My armies are in full retreat:
the cannons cold,
boots worn down,
muskets jammed and rusted --
Well fought and ready for rest.
My men seek shelter deep,
deep enough that hands cannot reach,
and they shall stay there for, perhaps, ever.
I was always told "no,"
that money ran the world
and a passion for words will not be enough,
that I will fail...
So my army is in retreat,
tired of fighting a constant defense,
using our last resources to build a keep
to lock away every imaginative flutter of golden butterflies,
and hide away any stray flicker of a thoughtful flame.

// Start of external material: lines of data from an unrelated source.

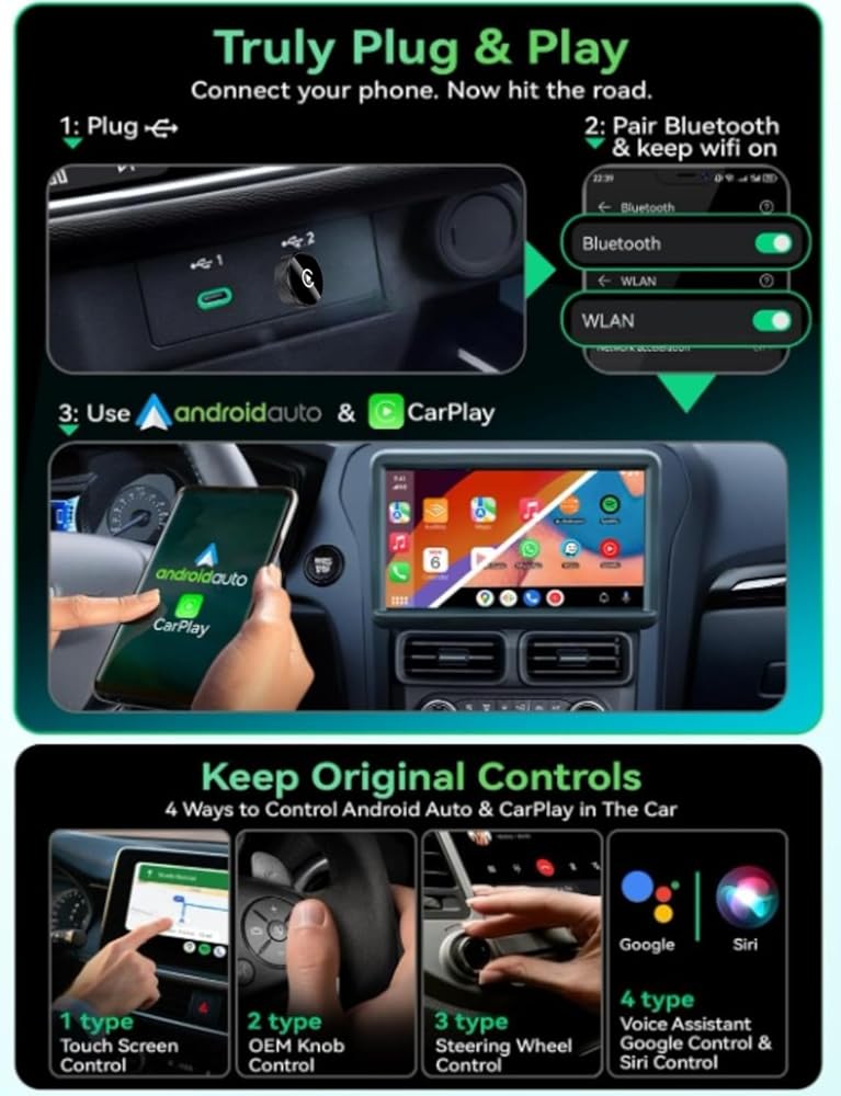 • شريحة بلوتوث 5.3 مطورة: يستخدم محول بلوتوث Aux للسيارة أحدث شريحة بلوتوث 5.3. الهدف من هذا المحول هو تحسين سرعة النقل والموثوقية والاستقرار واستهلاك الطاقة مع توفير مكالمات واضحة وضوضاء ساكنة منخفضة للغاية وجودة صوت القرص المضغوط.
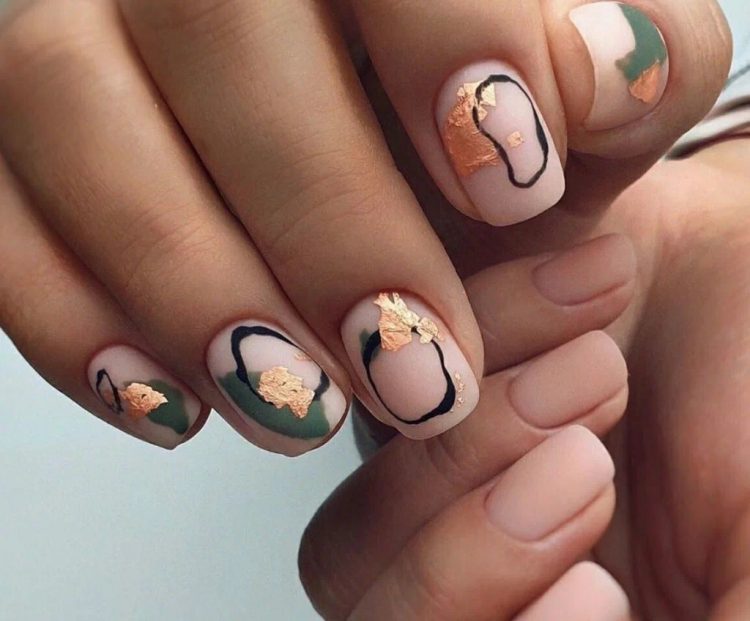 Хаотичні мазки акцентним кольором на нюдовому тлі виглядають дуже ефектно.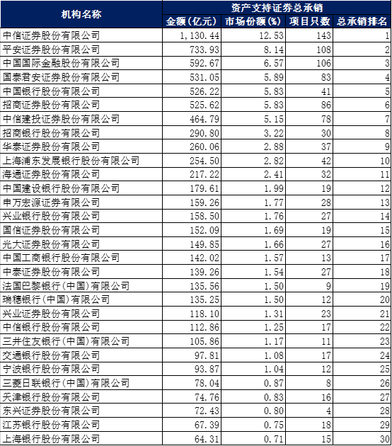 2022年1-7月份,全市場ABS總承銷排名靠前的機構分別為中信證券、平安證券、中金公司、國泰君安和中國銀行,承銷規模分別為1,130.44億元、733.93億元、592.67億元、531.05億元和526.22億元。

The oak trees of my mind's forest have been cut down,
nothing but stumps and leaves
and the smell of industrial smoke
from the bark of my oaks.
This time next year,
I hope not to be completely dead inside
that, somehow, deep in the keep of my soul,
a willow will weep beautiful tears
for lost soldiers and fallen oaks.
Perhaps the keep will thrive,
fighting off the countless sieges
and housing pilgrim dreams.
Perhaps the conquerers will be kind,
offering mercy to the innocent
and a quick death to the ones who deny "no."
It breaks my heart to call retreat,
but a small, crumbling, wounded dream
is better than no dream at all.
"You can't make money with words, you need to stop while there's still time."